XX - I'll Never Fall In Love Again

I noticed recently that the initialization of the title of this blog is "tome." Merriam-Webster Dictionary defines "tome" as "a volume forming a part of a larger work." To me, that's a pretty apt description of this blog. What I've been describing is a cross-section, a segment of time which is part of the larger work that is my life. Someday, this volume will close, as this part of my life comes to an end. Maybe at that time I'll begin another tome. There's always more to write.

But I didn't come here to write about that.

Isn't falling in love wonderful? I'm not saying I have, but I've been reexamining my history of relationships, and remembering the journey of falling in love.

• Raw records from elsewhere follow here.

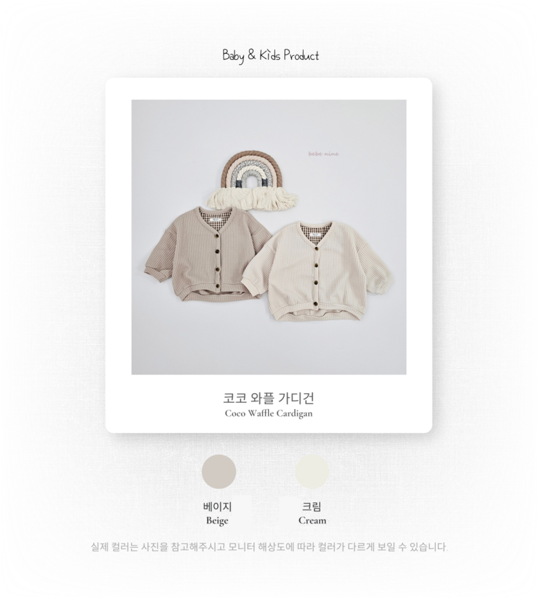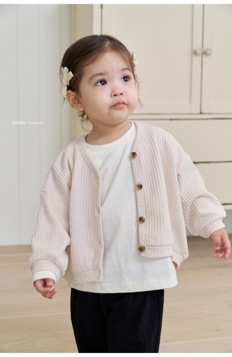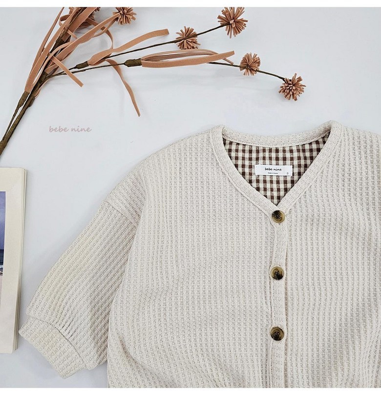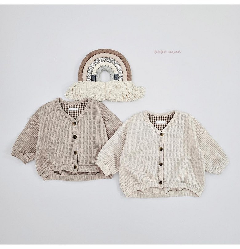 BEBENINE兒童Coco華夫格開襟衫,採用柔軟透氣的華夫格布料製成,給寶寶帶來舒適的穿著體驗。簡約的開襟衫設計,方便媽媽們為寶寶穿脫,無論是居家休閒還是外出遊玩,都能輕鬆應對。多種柔和色系可供選擇,輕鬆搭配各種造型,讓寶寶隨時展現時尚風格。韓國製造,品質保證,讓您安心為寶貝選擇。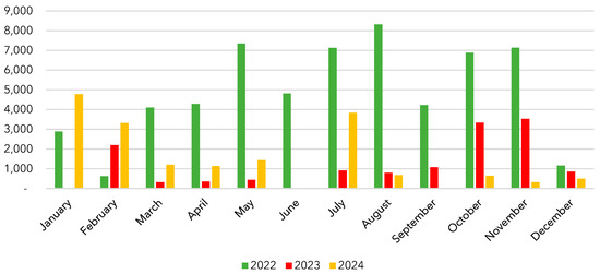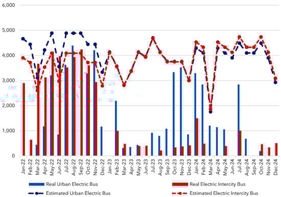 Despite the limited availability of data for developing a full annual consumption plan, an estimated monthly consumption was calculated for each electric bus from 2022 to 2024. The estimation was obtained by multiplying the annual average daily consumption of each bus by the number of operational days in each month, according to the academic calendar. Figure 20 presents both the measured and estimated annual consumption for the EBs.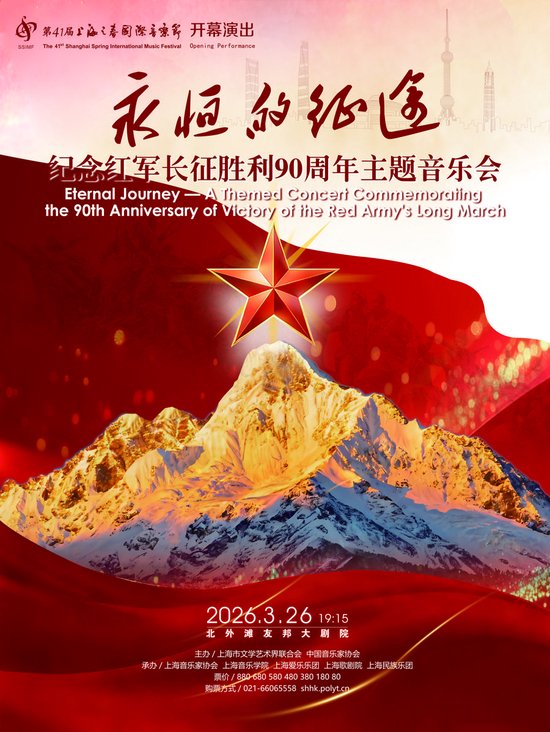 3月26日晚,音乐节开幕演出《永恒的征途 ——纪念红军长征胜利90周年主题音乐会》将在北外滩友邦大剧院上演,集结长征沿线七省优秀艺术家联合演出,汇聚廖昌永、石倚洁、于丽红、徐晓英等名家以及顾文梦、张曦、冯浩然等新秀。音乐会由指挥家张国勇执棒,上海爱乐乐团、上海歌剧院合唱团、上海音乐学院交响乐团及合唱团、上海民族乐团等院团优秀演奏家联袂参演。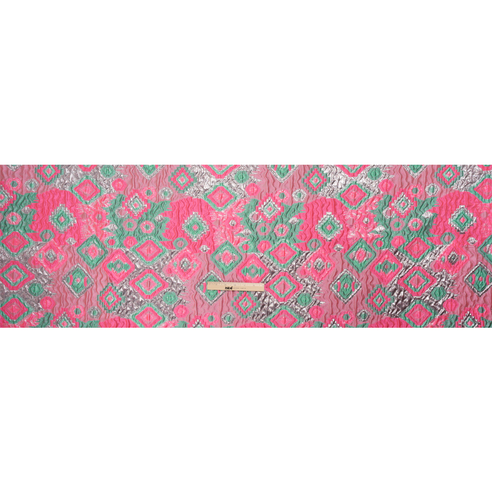 Cotton candy skies shine brightly on this Metallic Silver, Hot Pink and Sea Green Diamond Skies Luxury Brocade. A pink, sea-green, and silver sky hosts different-sized diamonds of the same vibrant colors. The lustrous background is lined with zig-zags that bubble up like they've been embossed, giving the sleek hand a dimensional and spongy texture. The malleable yet voluminous drape lends itself well to beautiful gowns, circle skirts, structured jackets, and sheath dresses. For extra luxury, we suggest lining this fabric with our silk habotai.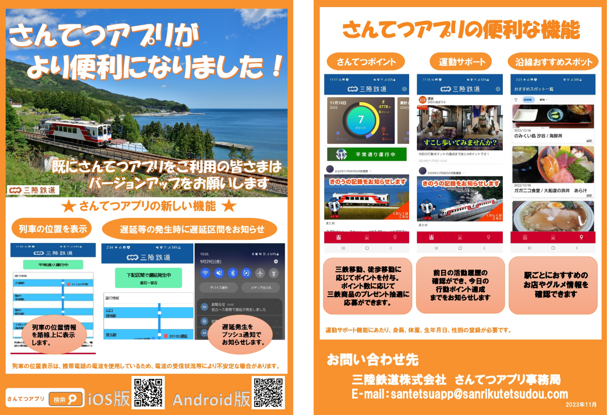 三陸鉄道「さんてつアプリ」を今後もよろしくお願いいたします。

There's the moments, when you feel a new connection, when you're sitting on a porch, watching the moon travel across an empty sky, and you work up the nerve to put your arm around the one you're with. It starts getting cold, but you don't want to leave, and you remember that you can just get closer. It's a beautiful thing, and I'm looking forward to it again.

Sure, as soon as you open up, you just make yourself vulnerable again.  You set yourself up for another fall.  I've spent a lot of time questioning if I'd ever try to open up again; if I'd even be able to trust someone again.  But I've seen that guy.  I don't want to be the fifty year old, desperately alone, pretending everything's okay, hiding behind a lifestyle of drinking and anonymous sex.  That's not a life I want to live.

I had a beautiful evening yesterday, and you know who you are. Thank you. Some of you are going to want to know more. All in due time. That's another volume in the larger work that is my life.  So, I'm moving forward with extreme trepidation; I'm scared of the prospect of being hurt again, but I know I have to take that chance.

What do you get when you fall in love?  You only get lies and pain and sorrow.  So far at least until tomorrow, I'll never fall in love again.